> Instructions for the task
Every entry in the data is to be written out exactly; no picture belongs in the copy.

> The data
━━━━━━━━━━━━━━━━
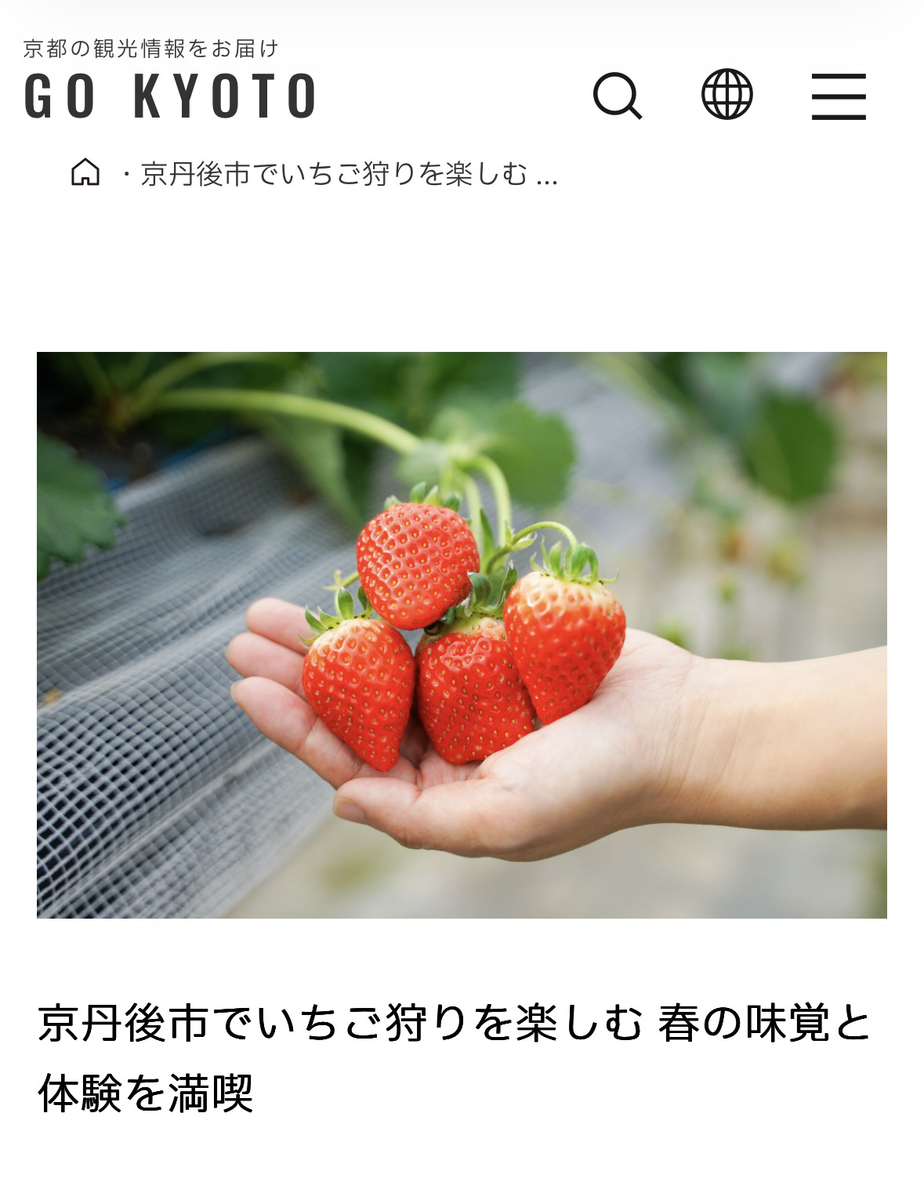 注目情報 2026.04.07|お知らせ 観光情報サイト「GO KYOTO」に京丹後市内のいちご狩り体験が掲載されました 京都府内の観光情報を発信する「GO KYOTO」に、京丹後市が掲載されましたのでお知らせいたします。サイトでは京丹後市内で開催されているいちご狩り体験をはじめ、春のおすすめ観光スポットなどをご紹介いただきました。 「GO KYOTO」を是非ご覧ください。 投稿ナビゲーション ガンダムマンホールカードの配布が再開されます
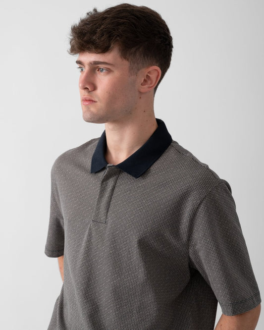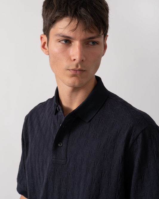 Mens Regular Fit Polo Shirt with Tone-On-Tone Allover Logo - Deep Navy UB101
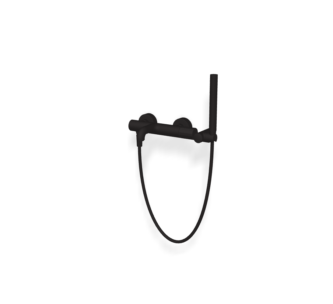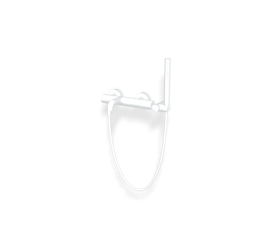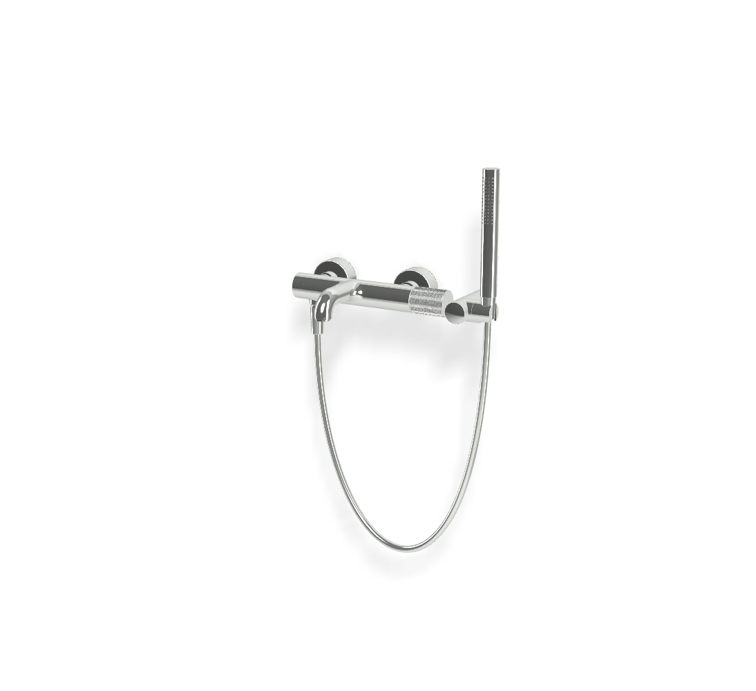 • 2 подвода воды 1/2 с эксцентриком • держатель для душа • Ручной душ с защитой от извести анти-кальк • кнопочный переключатель • Гибкий шланг хромалюкс 1500 мм
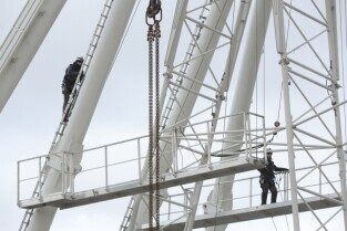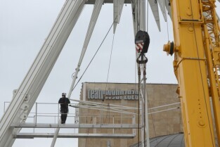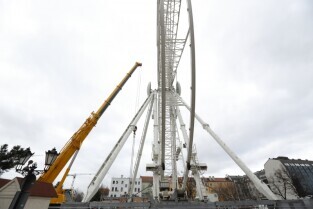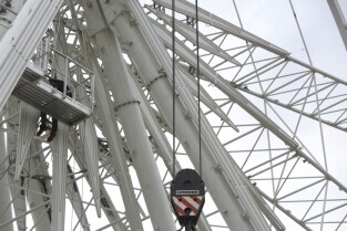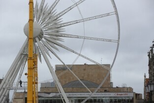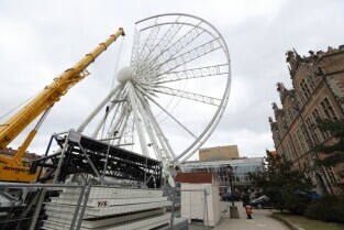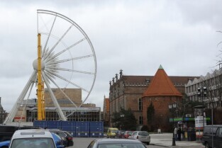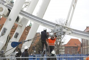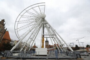 Gdańsk, Targ Węglowy. Trwa rozbiórka koła AmberSky.
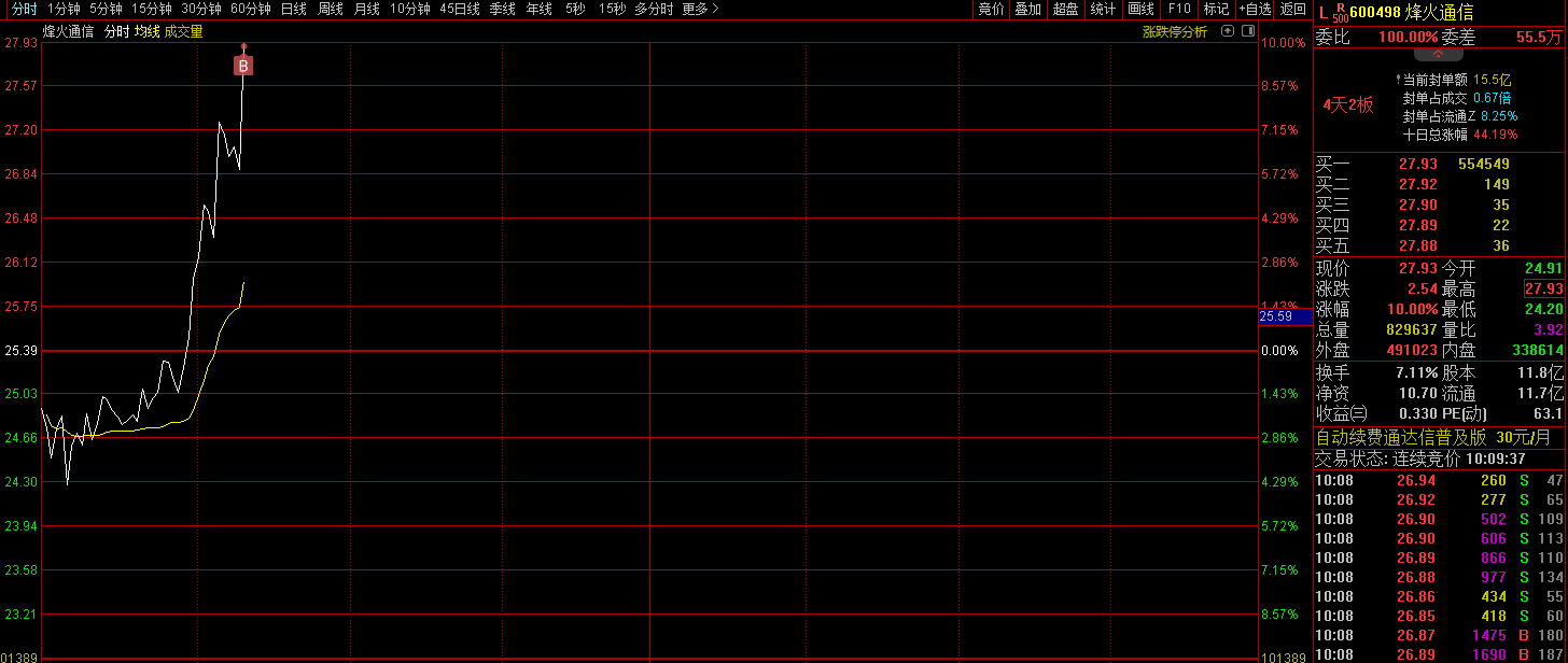 烽火通信 打板了2月19日
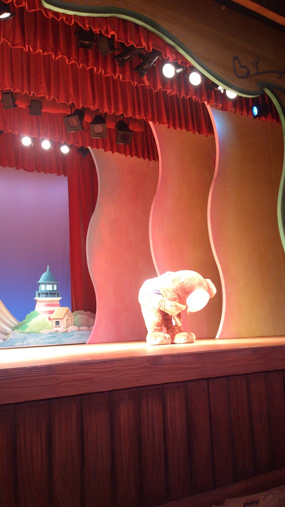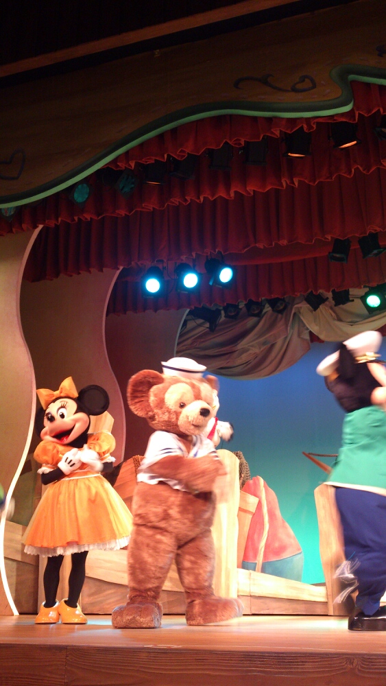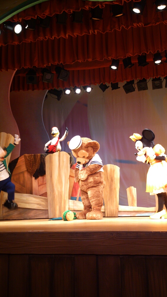 頭入っちゃったけど、このダッフィーもかわいい。さぁ出発だ、ということのようです。
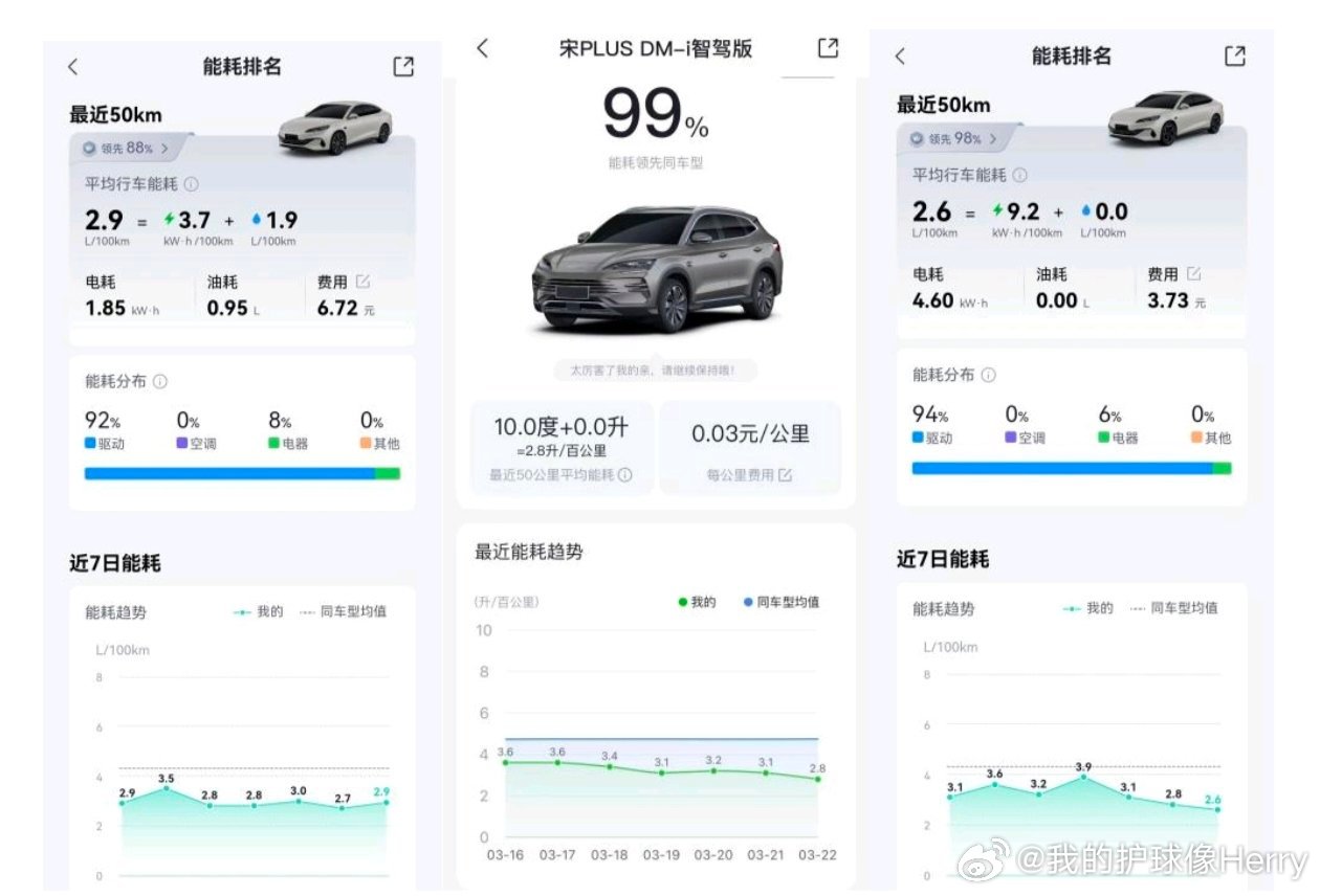 油价大涨,比亚迪车主爽了,真实花费多少?上上次加油,中石化92号汽油6块多,23日加7.6元,24日涨到了8.5元,从过年到现在油价真是止不住的涨啊,这还得亏国家有兜底政策。不然真是受不了。身边几个开比亚迪插混的又爽了,嘚瑟说,油价涨不涨和他们没啥关系,去年加了一箱油,今年还省一半,就怕油过期。真是冰火两重天啊。看了一下,几个比亚迪插混车主的真实花费。开50公里,一个花了6.72元,一个花了3.72元,另一个平均一公里3分钱,50公里就花了1.5元。拿秦Plus DM-i的210公里续航版来说,售价不到9万,配25度左右的电池,家用桩充电,0.5元一度电。充满一次花12.5元跑200公里,一年2万公里也就1250元。紧凑级燃油车,油耗7.5,油价8.5,跑两万公里得花12750元。差的真不是一点半点。实在需要用油的场景,像比亚迪秦L,秦Plus,海豹06,海豹05这些车,亏电油耗2.6升,基本就是燃油车的三分之一。插混的好处就是想用油用油,想用电就用电,很自由,插混从从容容游刃有余。而且综合续航也是插混的优势,像比亚迪秦L,综合续航能干到2145公里,从北京到上海,中间也用不着再加油充电。油价上涨的时候就去充电,充电桩排队的时候就去加油,灵活的选项确实很好。中东这一块的局势看起来一时半会还停不了,油价应该一时半会也降不下来,这种情况下,其实比亚迪插混就是不错的选项了。关键是车不贵,没有太多门槛。平时用省钱,续航也长,加油加电都掌握在自己手上。油价的涨跌也就无所谓了。不知道大家觉得比亚迪插混怎么样,在油价大涨的局面下,是不是挺有优势?
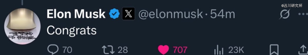 一直对谷歌咬牙切齿的马斯克也破天荒送上了一句“祝贺”(Congrates),精准体现了字数越少,怨气越深。
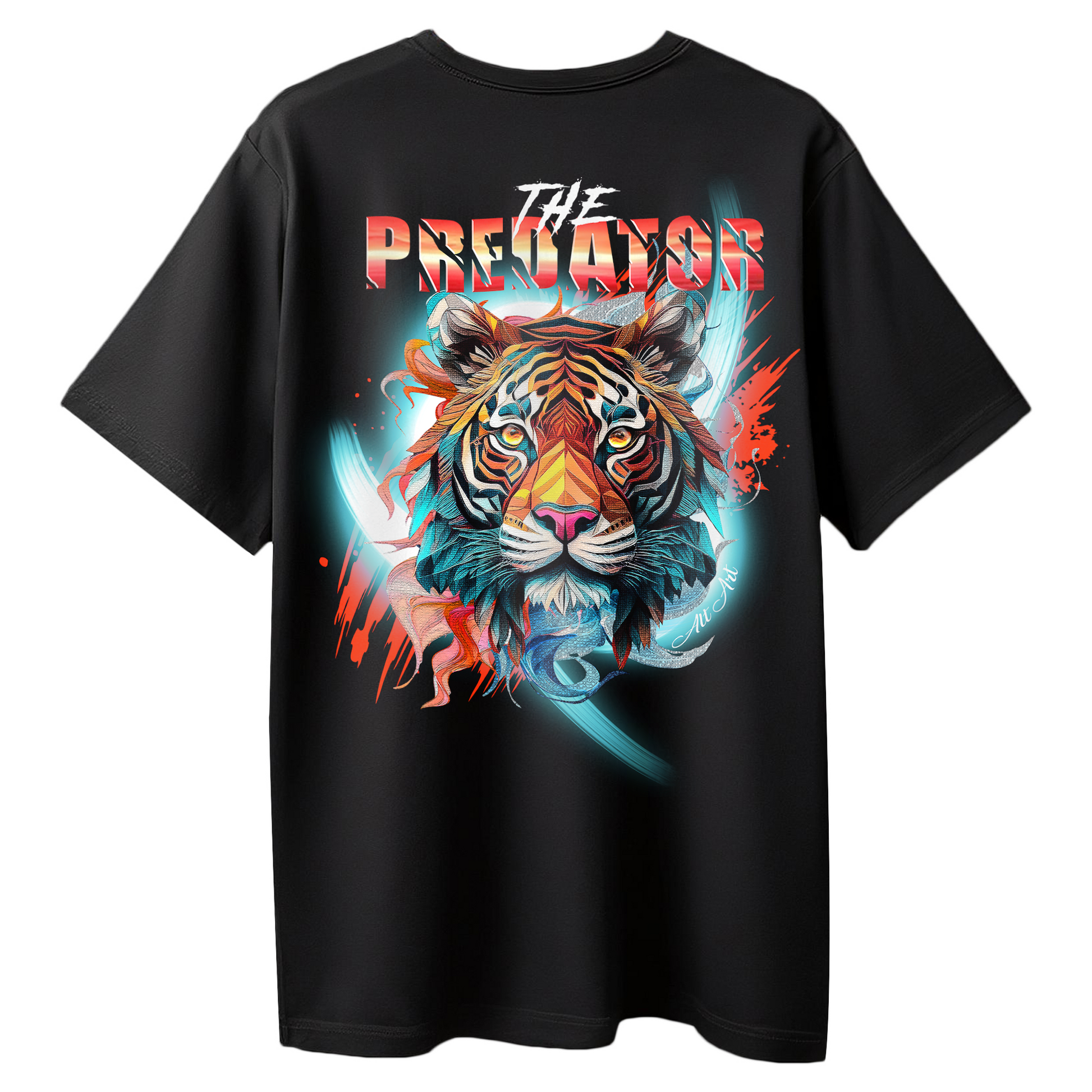 Unleash your wild side with The Predator Oversized T-Shirt for Men, a tribute to raw power, dominance, and untamed energy. Featuring the fierce gaze of the tiger alongside the bold text "The Predator", this Alt Art exclusive is designed for men who exude confidence and strength.
━━━━━━━━━━━━━━━━
> Completed exercise
 注目情報 2026.04.07|お知らせ 観光情報サイト「GO KYOTO」に京丹後市内のいちご狩り体験が掲載されました 京都府内の観光情報を発信する「GO KYOTO」に、京丹後市が掲載されましたのでお知らせいたします。サイトでは京丹後市内で開催されているいちご狩り体験をはじめ、春のおすすめ観光スポットなどをご紹介いただきました。 「GO KYOTO」を是非ご覧ください。 投稿ナビゲーション ガンダムマンホールカードの配布が再開されます
 Mens Regular Fit Polo Shirt with Tone-On-Tone Allover Logo - Deep Navy UB101
 • 2 подвода воды 1/2 с эксцентриком • держатель для душа • Ручной душ с защитой от извести анти-кальк • кнопочный переключатель • Гибкий шланг хромалюкс 1500 мм
 Gdańsk, Targ Węglowy. Trwa rozbiórka koła AmberSky.
 烽火通信 打板了2月19日
 頭入っちゃったけど、このダッフィーもかわいい。さぁ出発だ、ということのようです。
 油价大涨,比亚迪车主爽了,真实花费多少?上上次加油,中石化92号汽油6块多,23日加7.6元,24日涨到了8.5元,从过年到现在油价真是止不住的涨啊,这还得亏国家有兜底政策。不然真是受不了。身边几个开比亚迪插混的又爽了,嘚瑟说,油价涨不涨和他们没啥关系,去年加了一箱油,今年还省一半,就怕油过期。真是冰火两重天啊。看了一下,几个比亚迪插混车主的真实花费。开50公里,一个花了6.72元,一个花了3.72元,另一个平均一公里3分钱,50公里就花了1.5元。拿秦Plus DM-i的210公里续航版来说,售价不到9万,配25度左右的电池,家用桩充电,0.5元一度电。充满一次花12.5元跑200公里,一年2万公里也就1250元。紧凑级燃油车,油耗7.5,油价8.5,跑两万公里得花12750元。差的真不是一点半点。实在需要用油的场景,像比亚迪秦L,秦Plus,海豹06,海豹05这些车,亏电油耗2.6升,基本就是燃油车的三分之一。插混的好处就是想用油用油,想用电就用电,很自由,插混从从容容游刃有余。而且综合续航也是插混的优势,像比亚迪秦L,综合续航能干到2145公里,从北京到上海,中间也用不着再加油充电。油价上涨的时候就去充电,充电桩排队的时候就去加油,灵活的选项确实很好。中东这一块的局势看起来一时半会还停不了,油价应该一时半会也降不下来,这种情况下,其实比亚迪插混就是不错的选项了。关键是车不贵,没有太多门槛。平时用省钱,续航也长,加油加电都掌握在自己手上。油价的涨跌也就无所谓了。不知道大家觉得比亚迪插混怎么样,在油价大涨的局面下,是不是挺有优势?
 一直对谷歌咬牙切齿的马斯克也破天荒送上了一句“祝贺”(Congrates),精准体现了字数越少,怨气越深。
 Unleash your wild side with The Predator Oversized T-Shirt for Men, a tribute to raw power, dominance, and untamed energy. Featuring the fierce gaze of the tiger alongside the bold text "The Predator", this Alt Art exclusive is designed for men who exude confidence and strength.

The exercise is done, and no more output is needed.